Volvemos a la memoria y a la identidad. También al cuerpo. Una casa plenamente habitada se comporta como un ser vivo. Es más, una casa podría verse como una proyección ampliada de un organismo vivo. Tiene partes que cumplen diferentes funciones, como los órganos y los sistemas corporales. La casa tiene una piel que nos protege del exterior, pero gracias a la cual también transpiramos. Hay circulación de fluidos (aguas sucias y limpias, electricidad, aire, personas). Las casas tienen un corazón que irradia energía que en nuestra cultura suele ser la cocina. Las casas envejecen y se cargan de cicatrices por el uso. Nacen y mueren para ser reemplazadas por nuevas casas, hijas de su tiempo. Me interesa el espacio habitado, entre otras cosas, porque me interesa el cuerpo y sus procesos.

No solo elogias las manos: tu libro es un elogio de la proximidad, la lentitud, la duración, lo que no está condicionado por finalidad o beneficio, lo reparable y lo que puede ser aprovechado para otros usos; todo lo cual se opone a los valores dominantes de nuestro tiempo: el desapego, la aceleración, el productivismo y el resultadismo, la obsolescencia y el cortoplacismo. ¿Puede ser el trabajo manual una forma de resistencia?
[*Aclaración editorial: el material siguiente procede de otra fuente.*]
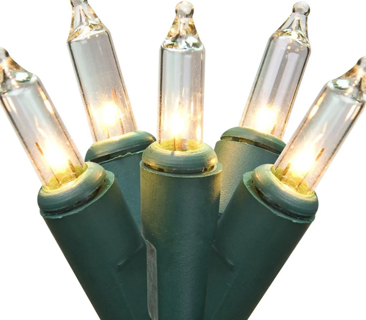 - 100 Count Clear Mini Christmas Lights With Green Wire
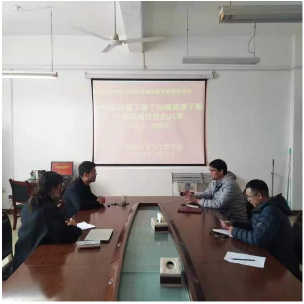 胡教授先为所有教师做了题为《弱测量下量子纠缠和量子相干非局域优势的共享》的报告。首先简要介绍单边和双边弱测量的塌缩态和测量结果概率,然后针对两体高维量子态介绍我们在基于资源理论的量子相干非局域优势刻画,以及基于弱测量和熵不确定关系的两体高维量子纠缠共享、量子相干非局域优势共享等方面所做的几个工作。随后,胡教授胡教授结合自身申报国家自然科学基金面上项目的成功经验,对薛姣姣老师的申报书进行了认真细致的修改。
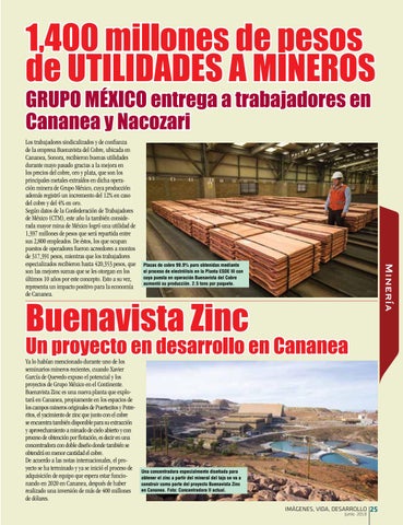 Un proyecto en desarrollo en Cananea Ya lo habían mencionado durante uno de los seminarios mineros recientes, cuando Xavier García de Quevedo expuso el potencial y los proyectos de Grupo México en el Continente. Buenavista Zinc es una nueva planta que explotará en Cananea, propiamente en los espacios de los campos mineros originales de Puertecitos y Potreritos, el yacimiento de zinc que junto con el cobre se encuentra también disponible para su extracción y aprovechamiento a minado de cielo abierto y con proceso de obtención por flotación, es decir en una concentradora con doble diseño donde también se obtendrá en menor cantidad el cobre. De acuerdo a las notas internacionales, el proyecto se ha terminado y ya se inició el proceso de adquisición de equipo que espera estar funcionando en 2020 en Cananea, después de haber realizado una inversión de más de 400 millones de dólares.
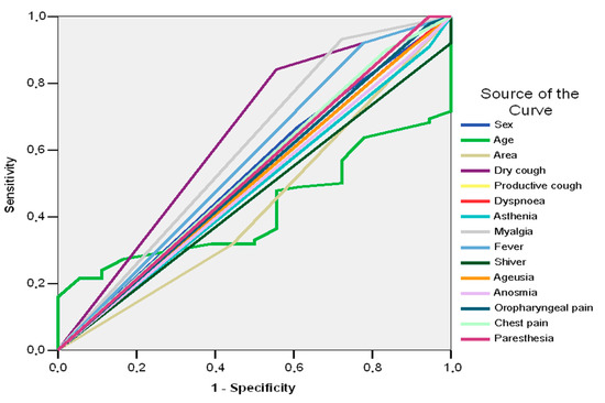 In the case study, the ROC curve shows that, among the signs and symptoms of patients with SARS CoV-2, only dry cough (AUC = 0.643; 95%CI: 0.512–0.774; p = 0.029) and fever (AUC = 0.635; 95%CI: 0.500–0.770; p = 0.039) can be good predictors of pneumonia (AUC > 0.600) (Table 2, Figure 1).
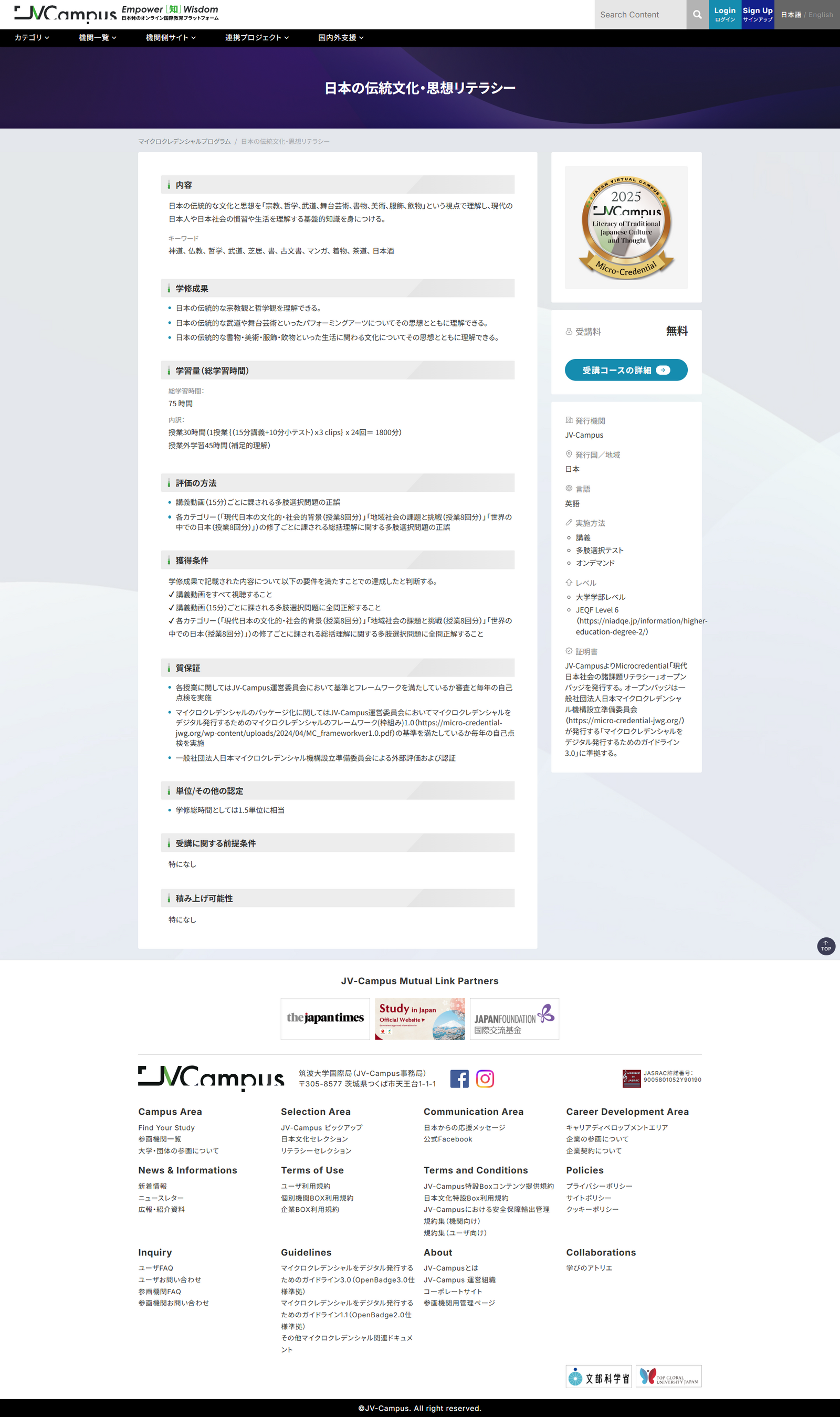 二つ目は、日本文化および現代リテラシーに関するオンラインプログラムの開始と、(一社)日本マイクロクレデンシャル機構のガイドラインに準拠したマイクロクレデンシャルの発行です。

Tal y como yo lo planteo en el libro, sí, desde luego. En un sentido más amplio, la resistencia la opone el cuerpo entero cuando no quiere ser un apéndice más del capitalismo. El cuerpo que no viste como se espera, que no encaja en la talla o la forma que se espera, que no se utiliza para lo que se espera. Un cuerpo contracultural que provoca fricciones. El capitalismo nos dice: solo los cuerpos delgados son bellos; la vejez es fea y es preciso apartarla de la vista; todo tiene un precio; el futuro es un vertedero al que podemos echar los detritos de nuestro tiempo. También nos dice: no repares; tira y compra de nuevo. Y como yo me resisto a eso, me pongo a reparar una tostadora y me doy cuenta de que la perversión de todo ese sistema tiene forma de tornillo: uno con una cabeza en la que no encaja ni un destornillador de pala ni uno de estrella sino dos puntitos en los que no entra ninguna herramienta convencional. ¿Cómo se puede estar cómodo en un mundo así?

Un comentario

  1. Marciano Cárdaba

    Recomiendo leer el último capítulo antes de adentrarse en la novela, porque es una de esas señales sobre la velocidad del viento que encuentras en un camino perdido en medio de la nada en la Patagonia. Por lo demás, la novela, que sí añora un pasado que no volverá, no sorprenderá a los lectores habituales de Carrasco o de Ana Iris Simón, porque pone de manifiesto la profundidad con la que la gente sencilla vive su vida, sin aspavientos ni florituras.